I like how it has all that design "history" behind it!

:thumbsup:
 
DumbDumb2007 said:
Apart from the Starship Voyager how do Impulse Engines in reverse work ? Is there a magnetic filed they use to make the laws of physics alter so the thrust pulls the ship backwards ?

They work very well, or at least as well as the plot dictates that they do. Much like the Heisenberg Compensators. ;)

(My apologies for being snarky. Couldn't resist... :D)

Cheers,
-CM-
 
Timo said:
Well, the point of canon on this would be that the Romulan use of singularities comes as a surprise to our 24th century Starfleet heroes. From "Face of the Enemy", Data first says he cannot explain the distortion caused by the Romulan ship, after which the informant DeSeve says the Romulans use quantum singularity power sources which might produce this distortion. If singularities were part of Federation technology in any respect (be it as power sources, garbage processors or nasty weapons), Data would automatically include their effect in his speculation on the distortion.

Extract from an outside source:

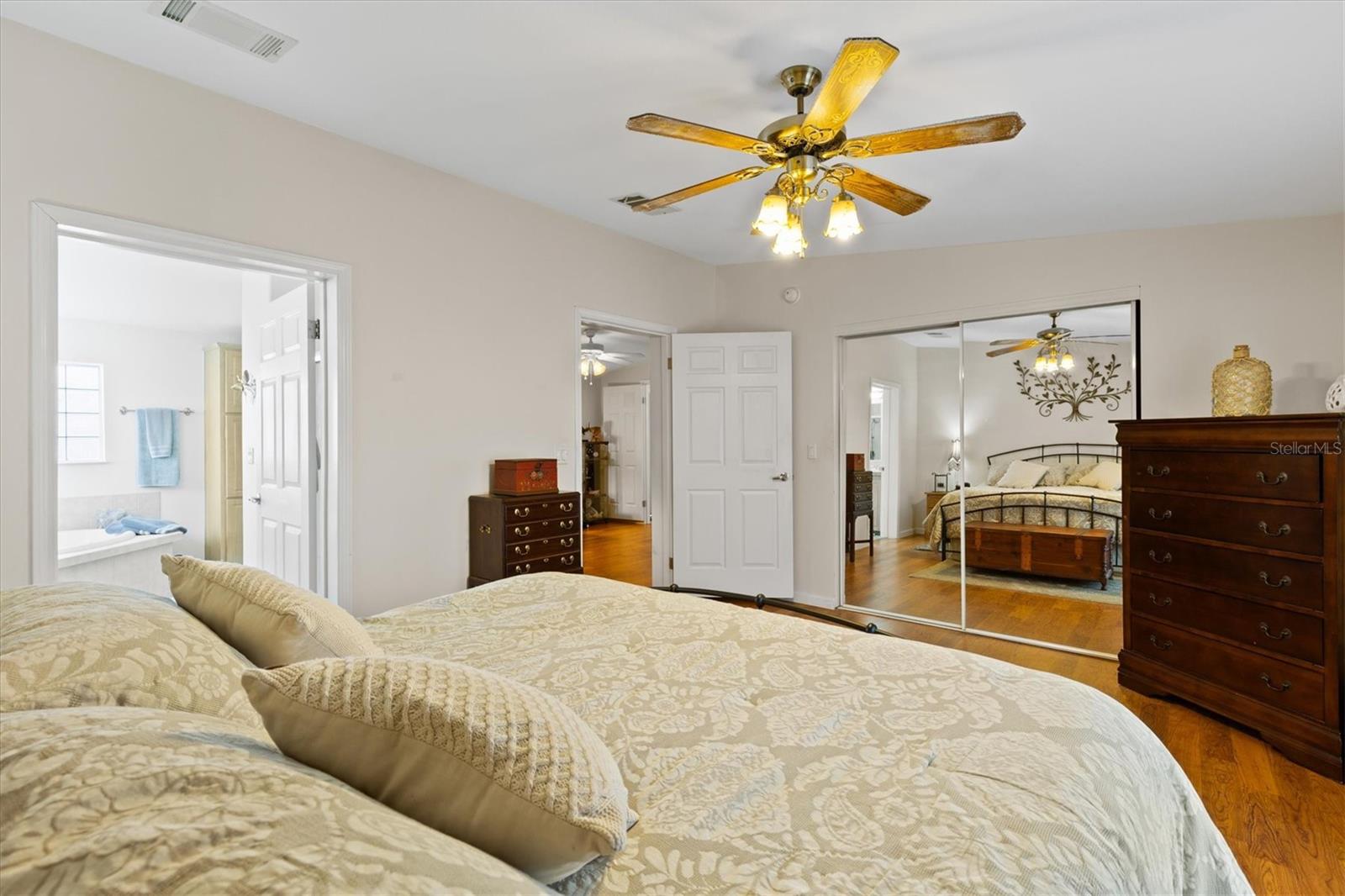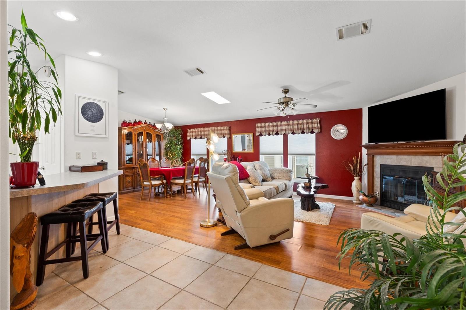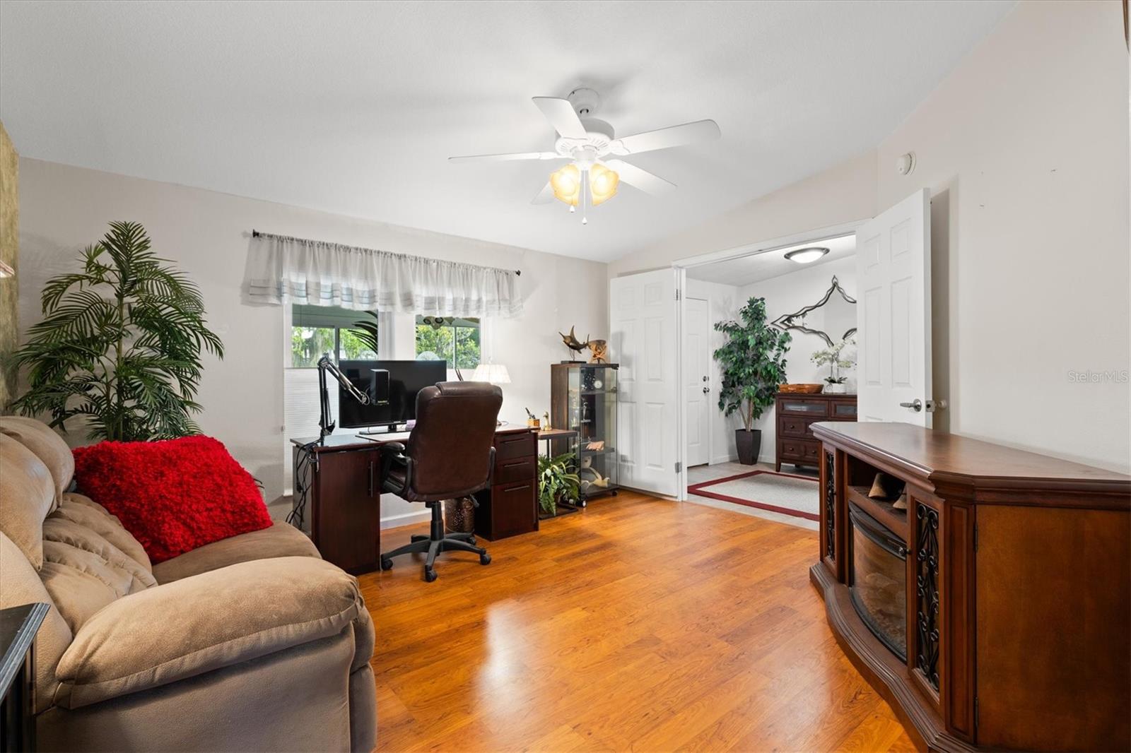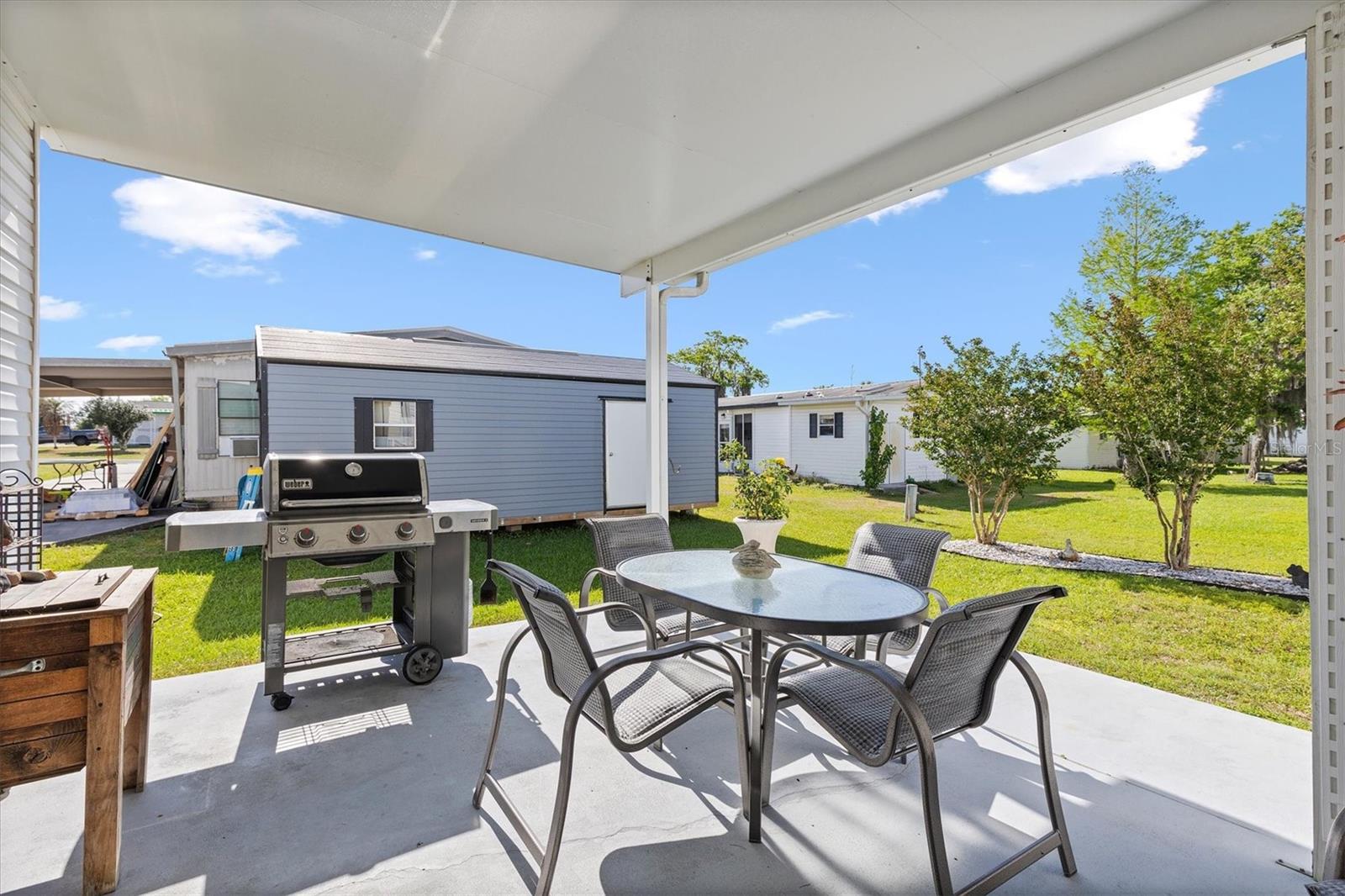 WOW One of a kind like new- Beautiful and spacious 1,848 sq ft, 3 bedrooms, 2 baths plus Den/Office an additional enclosed Glass 20 x 12 Florida room. And for the man of the house a 22 x 36 Huge Garage Man Cave! Yes, you can have it all! The Living room features a wood burning fireplace, open to dining room and large kitchen with island and breakfast bar. Off the kitchen is a large laundry room and door that leads to the huge garage. Out back is a quaint covered patio for entertaining and barbeque. And you can relax or entertain in the 20x12 enclosed Florida room. Enter the large Primary suite though the Den, the large ensuite bath features a whirlpool tub, double shower and dual sinks. the 2 guest bedrooms and large guest bath are at the other end of the home offering privacy. This Jacobson Manufactured home features 2"x 6" exterior walls with extra insulation, the interior walls are 2" x 4". Great location is just across the street from The Villages Brownwood square and entertainment, dining, Gym and shopping etc. You own the home and the land. Call today for an appointment.

I disagree. He might simply be surprised that the Romulans are using singularities. If the Federation used this technology and believed it was a well protected secret, it might come as a very rude surprise that Romulans were now in possession of the secret.

Tiny black holes are a nice way to construct a scifi drive, no doubt about that. But onscreen Trek seems to work on the assumption that Federation technology achieves its spacetime distortions by some other means.

Of course, the original Star Trek left these details blissfully ambiguous. And yet, cut scenes from BoT made it clear the BoP incorporated stolen Earth technology. It would be a reasonable twist if stolen technology from the 23rd century evolved into a fully-developed threat in the 24th.